Information is stored by a resistance value that is dependent on a spin orientation in the free layer FL. Electrical resistance of the tunnel magneto-resistance element is turned into a high resistance state when the free layer FL is in the anti-parallel state, and turned into a low resistance state when the free layer FL is in the parallel state. In a read operation, large and small, in magnitude of the resistance of the tunnel magneto-resistance element TMR, are read out. On the other hand, in a write operation, a spin-injection magnetization reversal technology is used whereby a current is caused to vertically flow to a TMR, thereby varying the spin orientation in the free layer FL according to the direction of the current. In a memory chip, writing is executed by causing a current to flow either from a bit line BL to a source line SL, or from the source line SL to the bit line BL. Because a current necessary for writing is proportional in magnitude to a size of the tunnel magneto-resistance element TMR, miniaturization together with reduction in rewrite current can be achieved. That is, the SPRAM has an excellent characteristic in terms of scalability. These are described in detail in “2005 International Electron Device Meeting Technical Digest Papers pp. 459-462 (Nonpatent Document 1), and “ISSCC 2007 Digest of Technical Papers pp. 480-481 (Nonpatent Document 2).

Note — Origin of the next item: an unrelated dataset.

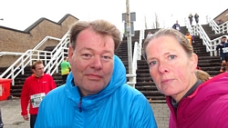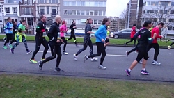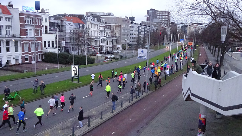 Inmiddels loop ik op de boulevard. Ik vind het niet te harden en krijg kippenvel. Dat is dus niet de bedoeling. Ik besluit door te lopen tot de 10 km matten. Daar ga ik overheen op 60 minuten. Nog steeds op schema maar al minder snel dan vorig jaar. Maar dat is op zich prima want vorig jaar was het 10 graden dus optimale omstandigheden bijna. Maar even na de matten heb ik het zo warm dat ik besluit om even af te koelen. Dit werkt niet en het is maar een runnetje. Ik heb lang nodig om af te koelen.
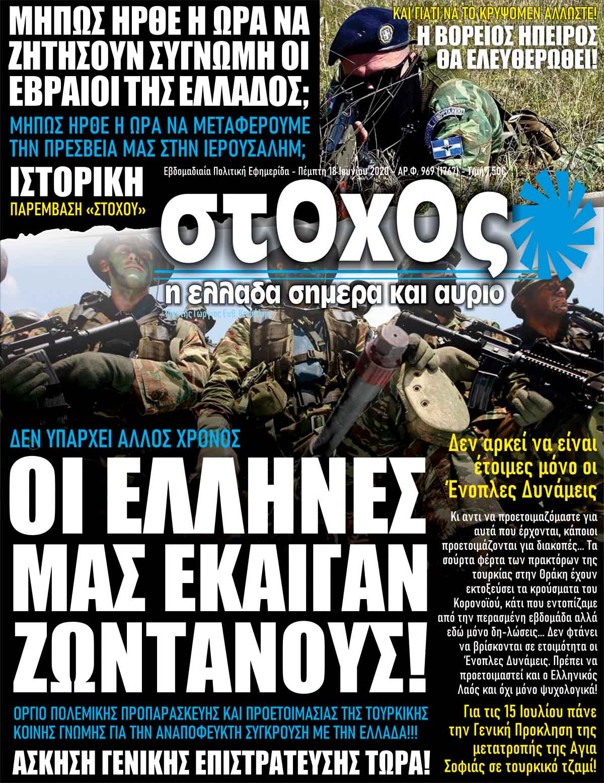 2 σχόλια στο “«ΟΙ ΕΛΛΗΝΕΣ ΜΑΣ ΕΚΑΙΓΑΝ ΖΩΝΤΑΝΟΥΣ»! Οι τούρκοι προετοιμάζουν την κοινή γνωμη… ΑΣΚΗΣΗ ΓΕΝΙΚΗΣ ΕΠΙΣΤΡΑΤΕΥΣΗΣ ΤΩΡΑ… Εφημερίδα «Στόχος» – Πέμπτη 18 Ιουνίου 2020 – ΑΡ.Φ. 969 (1767)”

Further, FIG. 45 schematically shows another example of a TMR element. In the figure, a free layer is of a stacked structure unlike the case shown in FIG. 44. More specifically, the TMR element is structured such that a non-magnetic material layer MB is sandwiched between magnetic material layers that are mutually anti-parallel to each other, and these layers are integrated to serve as a free layer FL. The stacked structure may include more layers. By doing so, a memory element comprised of a TMR element whose state is stable against disturbance caused by heat can be obtained. FIG. 46 schematically shows still another example of a TMR element. In this example, unlike the case shown in FIG. 44, magnetizations in a free layer FL, and a fixed layer PL, respectively, are not oriented in the horizontal direction, but are oriented in a direction vertical to a tunnel barrier film TB. Selection of such material as described will render it possible to obtain a memory element comprised of a TMR element whose two states (parallel and anti-parallel) are stable against disturbance caused by heat. This memory element has a feature that stability in memory cell operation in a wide temperature range can be realized even after progress in scaling.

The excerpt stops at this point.